Washington Department of Fish and Wildlife authorities say the drones will start overflying the two protected sites maintained to facilitate the rabbits’ reproduction between 8 a.m. to 5 p.m. starting this month through March.

The exact timing of those outings – like that of the annual census campaign – will seek to ensure there’s sufficient snow covering the ground to make spotting traces of the creatures easier, and verify the craft can withstand often difficult weather.

“The purpose of these flights is to test drone and sensor capabilities and effectiveness for tracking pygmy rabbit distribution and numbers in snowy conditions,” said Taylor Cotten, Washington Department of Fish and Wildlife’s conservation assessment section manager. “Researchers will also use the drones to help determine the survival rate of reintroduced pygmy rabbits.”

Use of the drones to keep track of the rabbit population was inspired by the use of aerial tech by wildlife experts in Washington and other states to take counts of creatures ranging from ground squirrels to mountain goats, salmon to whales. 

Sadly, however, even using those higher vantage points, the effort to identify traces of the rabbits (much less the critters themselves) is getting to be like finding needles in a haystack. 

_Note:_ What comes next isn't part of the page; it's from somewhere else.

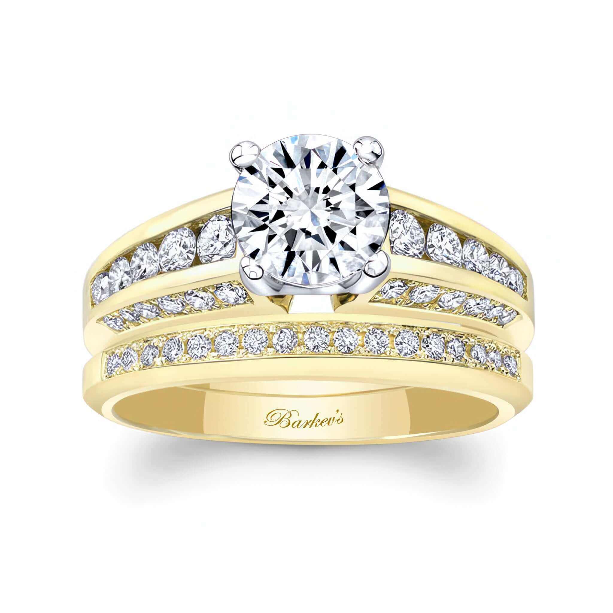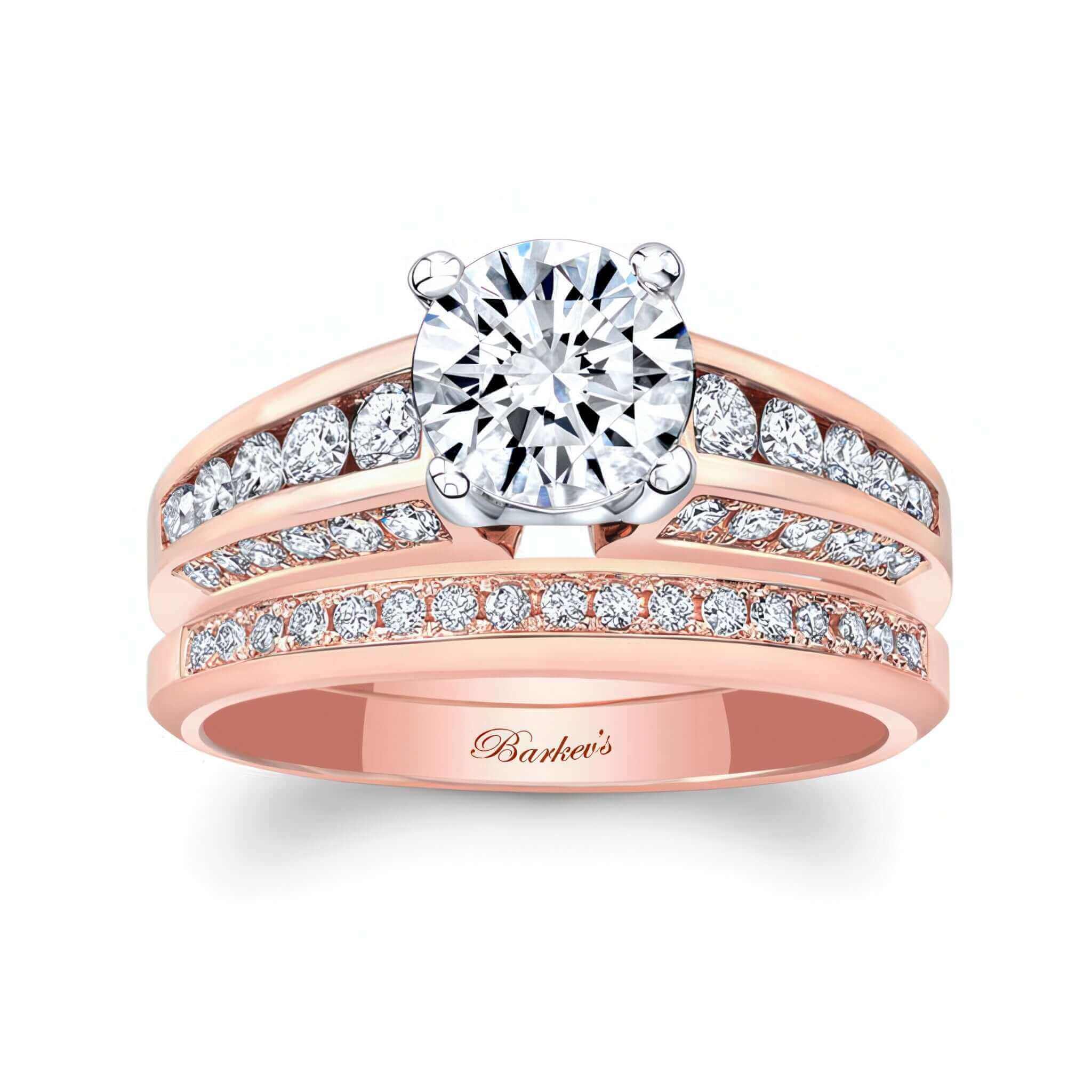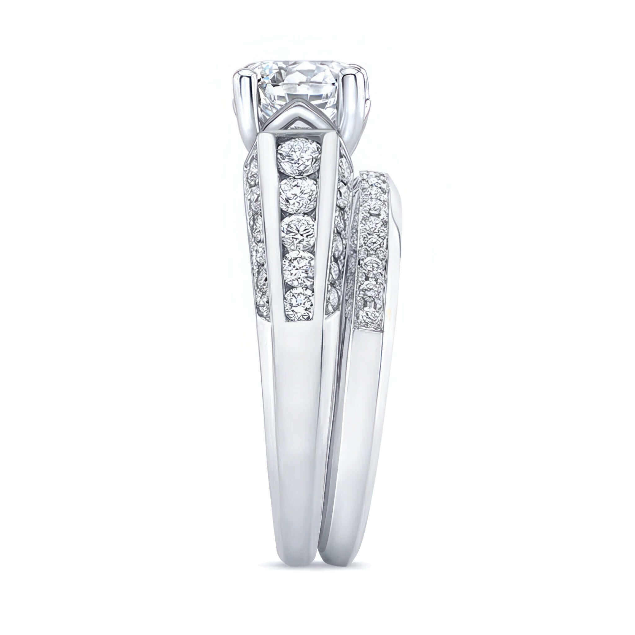 This magnificent channel set wedding ring set boasts with sparkle from every angle featuring beveled edges and a round center that is met by a row of channel and pave diamonds adorning not only the top, but also each side of the shank. Adding to this brilliance, the diamond wedding band fits snuggly close to the engagement ring for an unparalleled look.

The campaign to facilitate repopulation through captive and enclosed breeding areas began after the last known individual was born in the wild in 2008, and started using three protected Columbia Basin spaces. One of those was wiped out by a fire in 2020, killing an estimated 43% of all remaining rabbits. 

However, survival rates of generations born since give experts hope the species may survive yet – with a bit of human help – despite their diminished numbers.